Information shown >>
*** Block opens ***
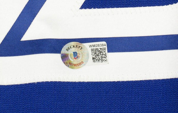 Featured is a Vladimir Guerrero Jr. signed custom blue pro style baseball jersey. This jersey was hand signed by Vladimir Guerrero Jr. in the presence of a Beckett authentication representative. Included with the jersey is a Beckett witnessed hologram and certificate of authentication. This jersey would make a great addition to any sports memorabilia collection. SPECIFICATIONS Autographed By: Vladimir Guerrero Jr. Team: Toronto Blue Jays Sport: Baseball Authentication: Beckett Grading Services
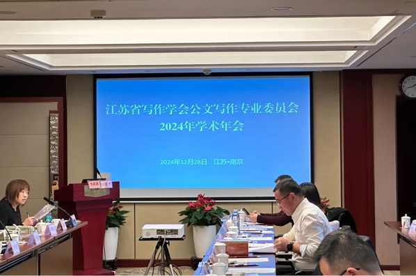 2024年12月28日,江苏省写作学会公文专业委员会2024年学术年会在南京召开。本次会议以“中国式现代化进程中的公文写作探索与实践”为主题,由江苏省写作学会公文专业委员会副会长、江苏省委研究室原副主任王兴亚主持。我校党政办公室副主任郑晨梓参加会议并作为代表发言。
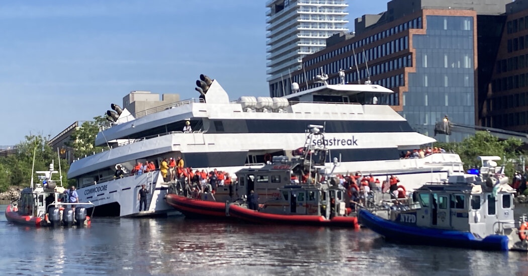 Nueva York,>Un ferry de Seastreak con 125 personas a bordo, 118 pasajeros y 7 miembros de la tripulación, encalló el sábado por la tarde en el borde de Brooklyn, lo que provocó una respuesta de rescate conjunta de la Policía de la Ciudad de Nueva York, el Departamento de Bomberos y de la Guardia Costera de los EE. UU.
*** Block closes ***
Exercise prompt >> Word for word, restate the lines from the one containing "2024年12月28日,江苏" through the end of the listing, and nothing more. Skip the pictures.

Output of the exercise >>
 2024年12月28日,江苏省写作学会公文专业委员会2024年学术年会在南京召开。本次会议以“中国式现代化进程中的公文写作探索与实践”为主题,由江苏省写作学会公文专业委员会副会长、江苏省委研究室原副主任王兴亚主持。我校党政办公室副主任郑晨梓参加会议并作为代表发言。
 Nueva York,>Un ferry de Seastreak con 125 personas a bordo, 118 pasajeros y 7 miembros de la tripulación, encalló el sábado por la tarde en el borde de Brooklyn, lo que provocó una respuesta de rescate conjunta de la Policía de la Ciudad de Nueva York, el Departamento de Bomberos y de la Guardia Costera de los EE. UU.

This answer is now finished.